I explained this to a junior member of my team and drew parallels between some exploratory testing he wanted to achieve and a prototyping story that development were planning.  Both didn't have a clear plan of implementation but they did have allotted time and a focus on learning how to achieve their aim by 'working with the software'.

This was when an alternative became clear.  This is just software engineering.  Can't we measure software development and in the same way?  Would that makes things clearer

Whats the alternative

Test work is just engineering work

If you stop thinking about testing as being the execution of test cases and instead as another type of software engineering work then an alternative approach becomes obvious.  Testers still write code, examine specifications and solve problems in the same way as a developer.  We don't track developers by the number of changesets they produce so why not treat testers in the same way and use the same tracking artefacts that are used in development.

We now use test stories for our system. Test work.  No test cases in sight.

A Test Story is similar to a development story.  It outlines the objective of the work, priority, owner and complexity.  Except in a test story the objective could be more deconstructive than that of development story.  As a dev story is constructing something new, test are de-constructing it to reveal defects.

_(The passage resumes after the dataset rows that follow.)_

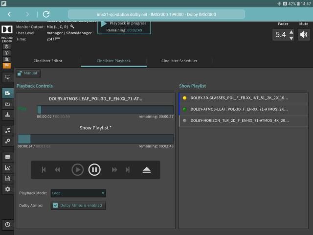 Cinema Server Control lets you use your Android tablet to give you wireless access and control of your Dolby Integrated Media Server IMS3000.
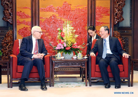 Wang Qishan (R), a member of the Standing Committee of the Political Bureau of the Communist Party of China (CPC) Central Committee and secretary of the Central Commission for Discipline Inspection (CCDI) of the CPC, meets with Chairman of the Advisory Board of Tsinghua University School of Economics and Management David M. Rubenstein (L), who is also co-founder and co-CEO of The Carlyle Group, in Beijing, capital of China, Oct. 24, 2014. (Xinhua/Yao Dawei)
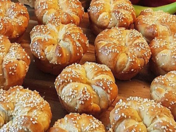 Επαναλαμβάνουμε την ίδια διαδικασία και με τα υπόλοιπα μπαλάκια ζύμης. Έπειτα τα αφήνουμε για λίγα λεπτά και πάλι να φουσκώσουν, σκεπασμένα σε ζεστό μέρος. Τα αλείφουμε με τον χτυπημένο κρόκο αυγού, πασπαλίζουμε με σουσάμι και ψήνουμε στους 200 βαθμούς Κελσίου, στις αντιστάσεις, μέχρι να ροδίσουν.
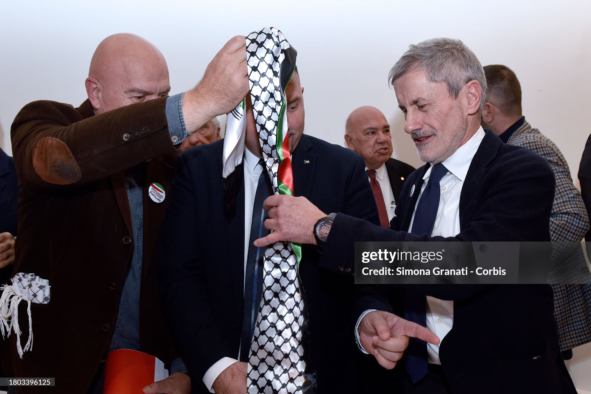 Anti-Zionist Youtuber Brendon O’Connell.Anti-American Kaffiyeh-face-covered protestor holding burning U.S. flag torched by crowd during gulf crisis pro-Iraqi, anti-US rally organized by Muslim Brotherhood. (Photo by Barry Iverson/Getty Images)Artist Scott Tyler, sporting kaffiyeh & Mao t-shirt, among activists protesting constitutional amendment banning flag desecration, outside Capitol. (Photo by Cynthia Johnson/Getty Images)Irish actor Colin Farrell.A Palestinian man carries his son on his shoulders, with a US-made M-16 rifle in his hands, during a march in the streets of the Ain al-Helweh refugee camp in the outskirts of the southern Lebanese port of Sidon, following the Friday prayers, 13 October 2000. In the demonstration, thousands of Palestinians asked to join the uprising in the Palestinian territories against Israel and denounced the U.S. backing to the Jewish state’s “savageness”. (Photo by MAHMOUD ZAYYAT/AFP via Getty Images)Anti-globalisation demonstrators (except if it’s Communists doing the globalizing) take to the streets of Brussels 15 December 2001, on the second day of the European Union summit in Laeken. AFP PHOTO BELGA/ HERWIG VERGULTGreek Patriarch of Jerusalem Irineos I (R) sits next to the empty chair of Palestinia leader Yasser Arafat during the Orthodox Christmas mass inside the Church of Nativity, believed to be the birth place of Jesus Christ, in the West Bank town of Bethlehem 06 January 2002. Palestinian leader Yasser Arafat was set to miss a second round of Christmas services as he remained trapped in Ramallah by the Israeli army. (Photo by MUSA AL SHAER/AFP via Getty Images)A masked Palestinian militant with the Al-Aqsa Martyrs Brigades, a radical offshoot of Palestinian leader Yasser Arafat’s Fatah faction, holds up his gun during a military parade 29 March 2002 in the Shatti refugee camp in Gaza City in the Gaza Strip. Arab and European states sharply criticized Israel and mounted a global diplomatic effort to pressure the Jewish state to call off its all-out military drive against the Palestinian leadership. (Photo by MOHAMMED SABER/AFP via Getty Images)A woman places a keffiyeh on Pope Benedict XVI. See article The Pope dons a keffiyeh.ROME, ITALY—Marco Rizzo, former secretary of the Italian Communist Party, Gianni Alemanno secretary of the new political entity “Independenza”, mayor of Bethlehem, Hanna Hanania , pose with the Palestinian scarfin at the end of the round table against the war in Gaza, to defend the rights of all peoples, during the assembly of the movement “Indipendenza”,at MIDAS Palace Hotel,on November 26, 2023 in Rome, Italy. (Photo by Simona Granati – Corbis/Corbis via Getty Images)OPERATION SIG ALERT! Wearing gas masks and holding a placard of the “Star and Strips” with a Nazi Swastika replacing the Stars, Lebanese demonstrate outside the US embassy in Awkar just northeast of Beirut 21 March 2003. Others protested outside the Qatari embassy and also in the Ain el-Helweh Palestinian refugee camp in southern Lebanon. People took to the streets following Friday prayers throughout the Arab and Muslim world. In the background is the Iraqi flag. (Photo by HAITHAM MUSSAWI/AFP via Getty Images)A supporter has his picture taken with Toronto Mayor Rob Ford in a keffiyeh which he presented him at the kick-off of Ford’s re-election campaign in Toronto on April 17, 2014. Ford, who made worldwide headlines last year after admitting binge drinking and smoking crack, has been stripped of most of his powers. GEOFF ROBINS/AFP via Getty Images)

Test Stories can be planned for an iteration and split into multiple child tasks that describe each individual unit of work.  The test story is given an estimate of the time it might take, a priority of how important it is that this test is executed and a story point rating to describe how complex this test is to implement and execute

Handling defects

Defects found during the story executuon are linked to the work item to show the 'fruit' of that story.  Development and test stories can be associated to show the testing that will be applied to new capability

Defects that are found will often require recreating to provide further diagnostics and require verification once a fix is supplied. This work will need to be planned and committed to an iteration just like any other piece of work.  We have created queries to total the amount of time spent 'working' these defects.  This can help to explain delays in test progress as testers are working on defects.

Showing progress
We can now show our progress by explaining the work we have committed in an iteration and our burn down throughout the iteration.  Not using the simple metric of testcases focuses people to ask more interesting questions to determine the quality of the project:
  • What types of testing have we done?
  • What defects have we found?
  • How much time do we need to complete the high priority work
All more valid and useful than a single percentage of test case completion.

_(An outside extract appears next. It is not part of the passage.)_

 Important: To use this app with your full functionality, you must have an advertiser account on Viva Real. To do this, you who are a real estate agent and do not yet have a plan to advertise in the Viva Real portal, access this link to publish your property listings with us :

We have been using test stories as a replacement for test cases in the system test team for a few releases.  Using them has given us the following benefits:
  • The total amount of  test work that needs to be done including  prep, defect recreation and verification as well as actual testing.  We can plan our iterations a lot better.
  • Tracking is a lot easier as we can understand the duration as well as the complexity of the work rather than simple counting measures
  • We are starting to ask better questions about the state of the test project.

We still are not perfect.  We are still refining our process to ensure we estimate tasks better and ensure we don't fall into the trap of just counting test stories.  Overall we have seen an improvement in out efficiency.  Who needs test cases?  Not us!